Base editors (BEs) have been used to create C-to-T substitutions in various organisms. However, editing with rat APOBEC1-based BE3 is limited to a 5-nt sequence editing window and is inefficient in GC contexts. Here, Yuan Zong at Chinese Academy of Sciences in Beijing, China and his colleagues show that a base editor fusion protein composed of Cas9 nickase and human APOBEC3A (A3A-PBE) converts cytidine to thymidine efficiently in wheat, rice and potato with a 17-nucleotide editing window at all examined sites, independent of sequence context.

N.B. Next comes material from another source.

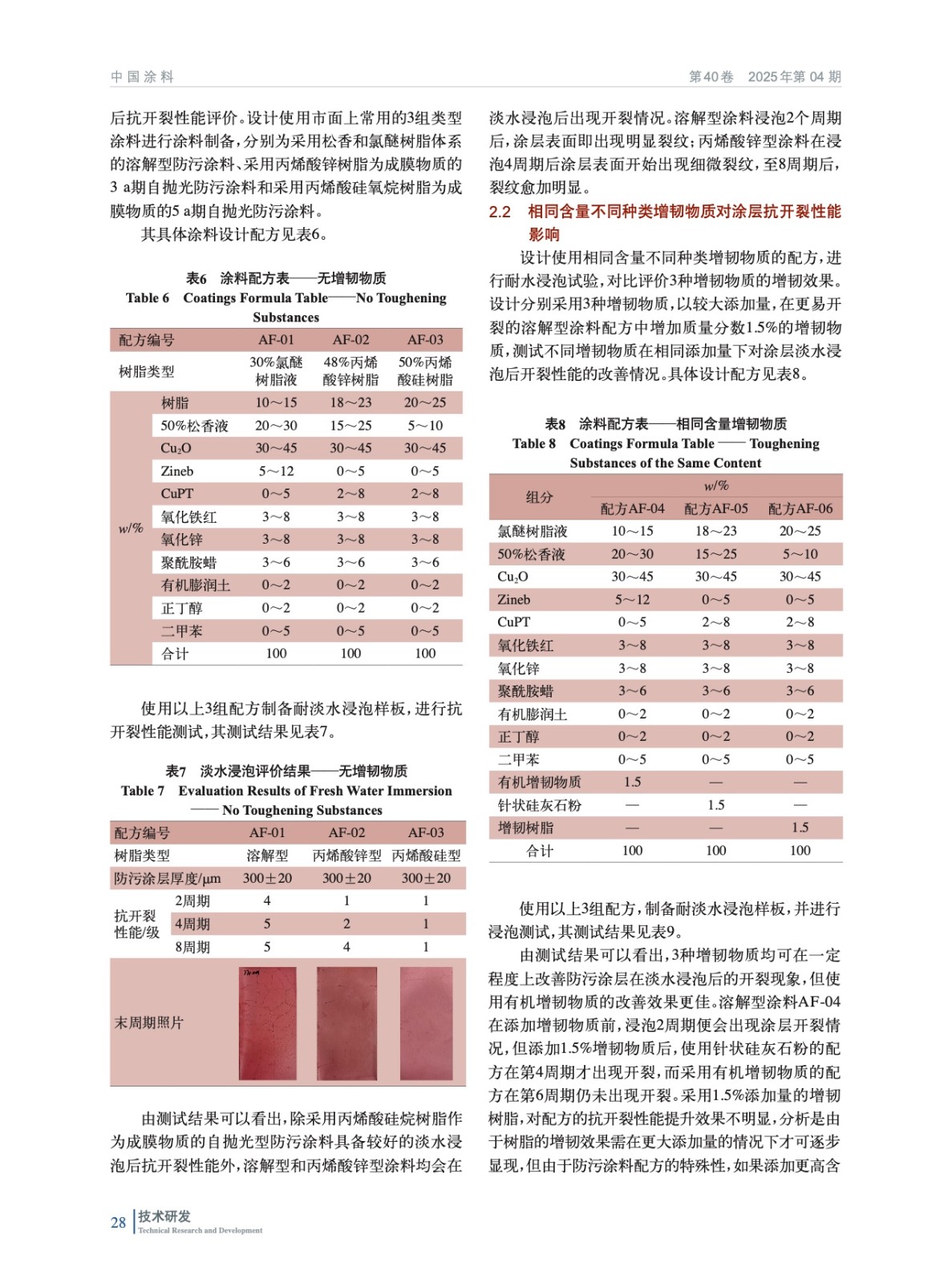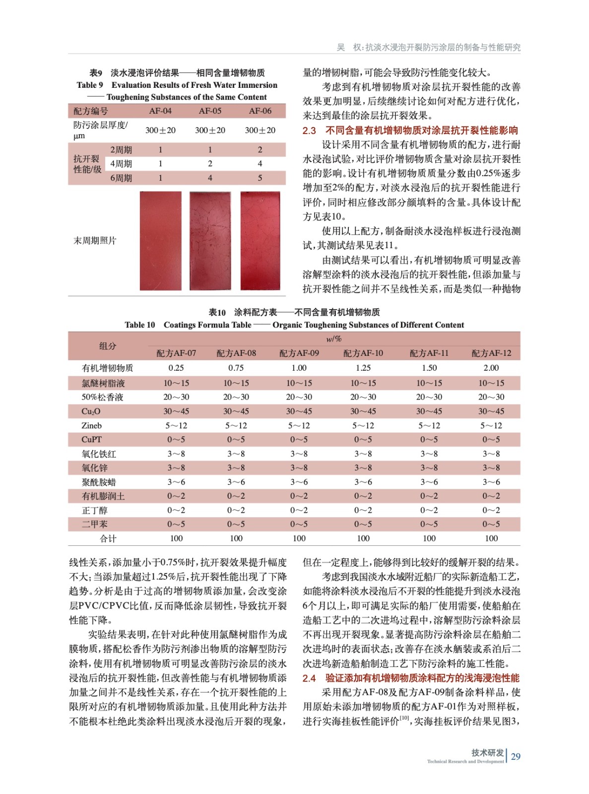 抗淡水浸泡開裂防污涂層的制備與性能研究

Read more, please click https://www.nature.com/articles/nbt.4261

5. Paired-cell sequencing enables spatial gene expression mapping of liver endothelial cells

Spatially resolved single-cell RNA sequencing (scRNAseq) is a powerful approach for inferring connections between a cell's identity and its position in a tissue. Keren Bahar Halpern at Weizmann Institute of Science in Rehovot, Israel and his colleagues recently combined scRNAseq with spatially mapped landmark genes to infer the expression zonation of hepatocytes. However, determining zonation of small cells with low mRNA content, or without highly expressed landmark genes, remains challenging. Here they used paired-cell sequencing, in which mRNA from pairs of attached mouse cells were sequenced and gene expression from one cell type was used to infer the pairs' tissue coordinates. They applied this method to pairs of hepatocytes and liver endothelial cells (LECs). Using the spatial information from hepatocytes, they reconstructed LEC zonation and extracted a landmark gene panel that they used to spatially map LEC scRNAseq data. Their approach revealed the expression of both Wnt ligands and the Dkk3 Wnt antagonist in distinct pericentral LEC sub-populations. This approach can be used to reconstruct spatial expression maps of non-parenchymal cells in other tissues.